Reports to: Head of Infrastructure

Salary Range: 110 - 150k


Company Overview:

Join RunPod, a rapidly expanding leader in AI and machine learning. As a well-funded, profitable company in hyper-growth, we operate in a fully remote environment with team members across the United States, Canada, and internationally. We are looking for a Technical Program Manager to manage our partnerships with data center providers, oversee hardware deployments, and ensure efficient and effective operation of our data center resources.

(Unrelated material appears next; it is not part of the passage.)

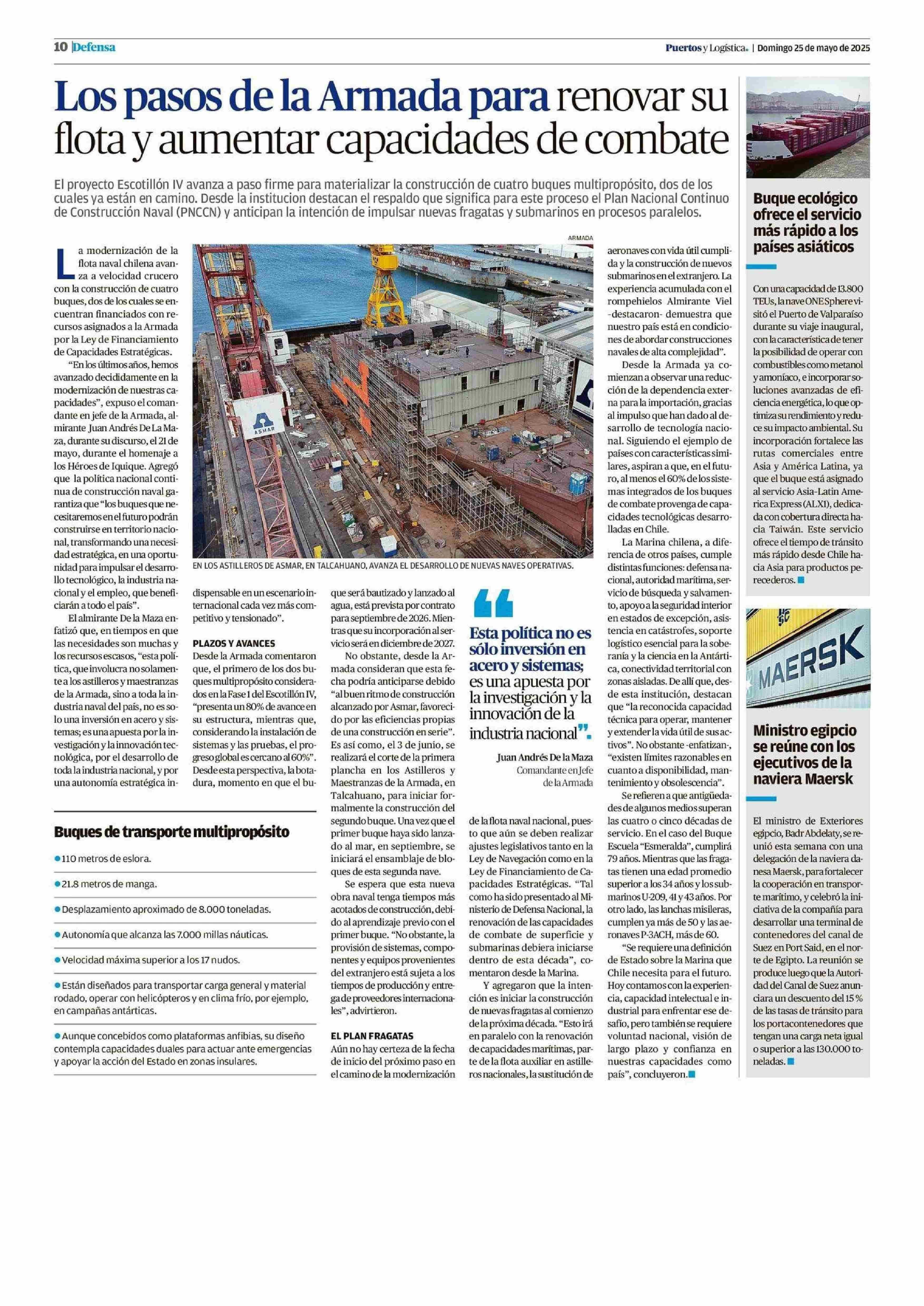 Los pasos de la Armada para renovar su flota aumentar capacidades de combate 25-05-2025 El Mercurio de Valparaíso |
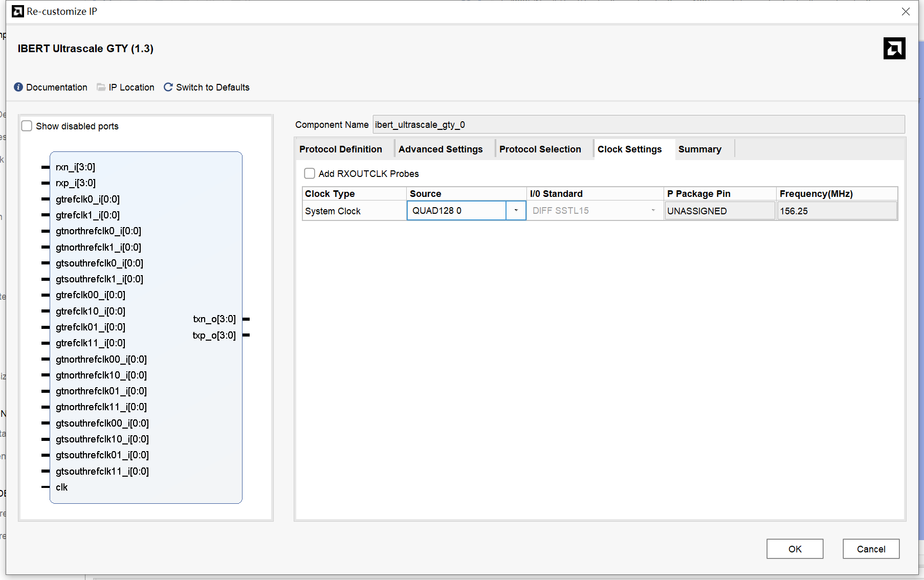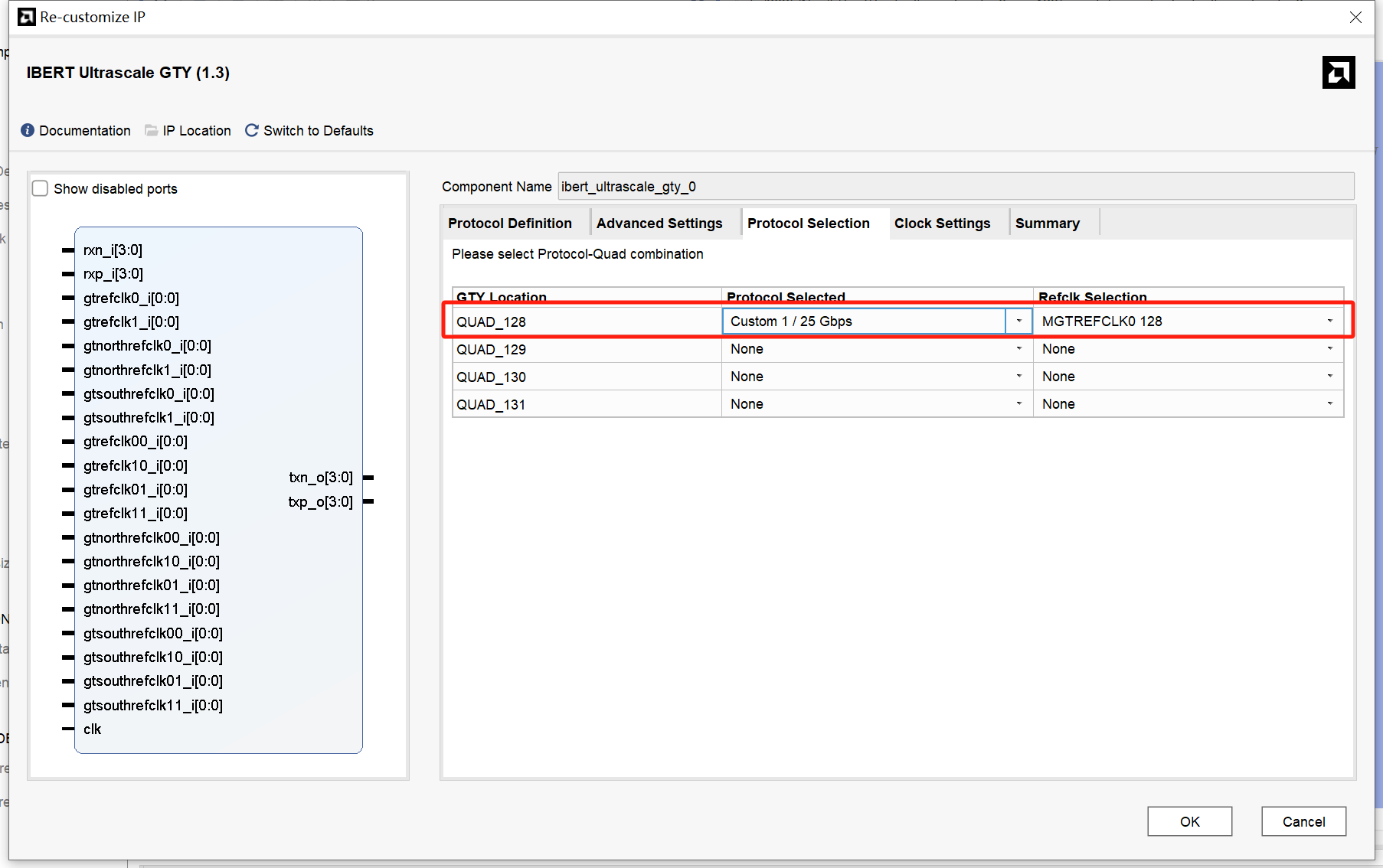 先测试MGT128上的光口,如下图所示配置选择QUAD_128,其时钟从原理图中可看到使用的是MGTREFCLK0。

It is a very technical, data center focused, senior account manager position.  At RunPod, you can work with cutting-edge technology, contribute to a global impact, and be part of a supportive, innovative culture.


What We Offer:

  • Competitive salary with stock options.
  • The flexibility of remote work with an inclusive, collaborative team.
  • An opportunity to grow with a company that values innovation and user-centric design.
  • Generous vacation policy to ensure work-life balance and well-being.
  • A chance to contribute to a company with a global impact based across multiple continents.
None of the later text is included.